Was der genau macht weiss ich nicht, aber kann gut sein, dass der die Lebensdauer optimiert.
Im grunde macht er ja nur eins: Wenn er merkt dass eine zelle bald ihre 100.000 voll hat schaut er welche datei er bisher selten bis nie neu schreiben musste, z.B. eine Windows-Datei, die nach der installation nie mehr bewegt wird. Die schreibt er dann in die abgenuzte zelle, und damit wird eine zelle feri, die praktisch noch 100.000 Zyklen frei hat.
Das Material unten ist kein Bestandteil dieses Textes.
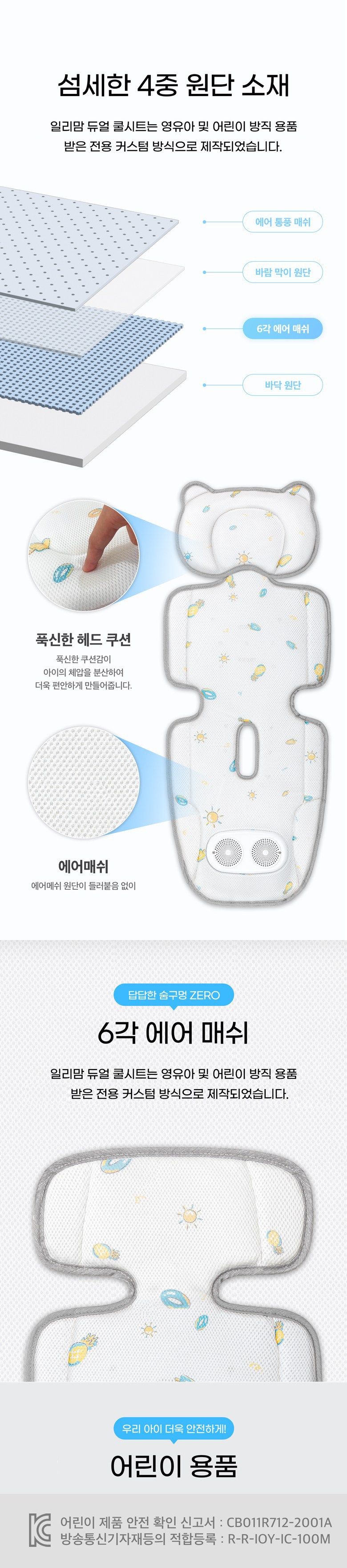 | 품명 및 모델명 | 일리맘 듀얼 쿨시트 / IC-100M | KC 인증정보 | CB011R712-2001A , R-R-IOY-IC-100M |

Jo, aber er verbessert sich gottseidank immer mehr, und irgendwann werden sie soviele zyklen haben dass sie vorher weggeschmissen werden weil sie zu klein sind-hoff ich^^

Same here-v.a. meine Ganzen filme und videos sind auch langsamdrehenden 5400er platten ausgelagert, weil ich die selten brauch und nen Film zu laden schafft selbst die langsamste platte. Bei nem preis von ca. 50ct/gb muss ich nicht 1TB Filme drauf speichern^^ Hald windows und die programme...

Dass die hersteller immernoch i.d.r in GB und nicht in Gibi angeben... Nuje muss man sich wohl mit abfinden, wobei bei ner TB platte statt 1024 nur 931GB sind,die bescheissen praktisch um fast 10%...


----------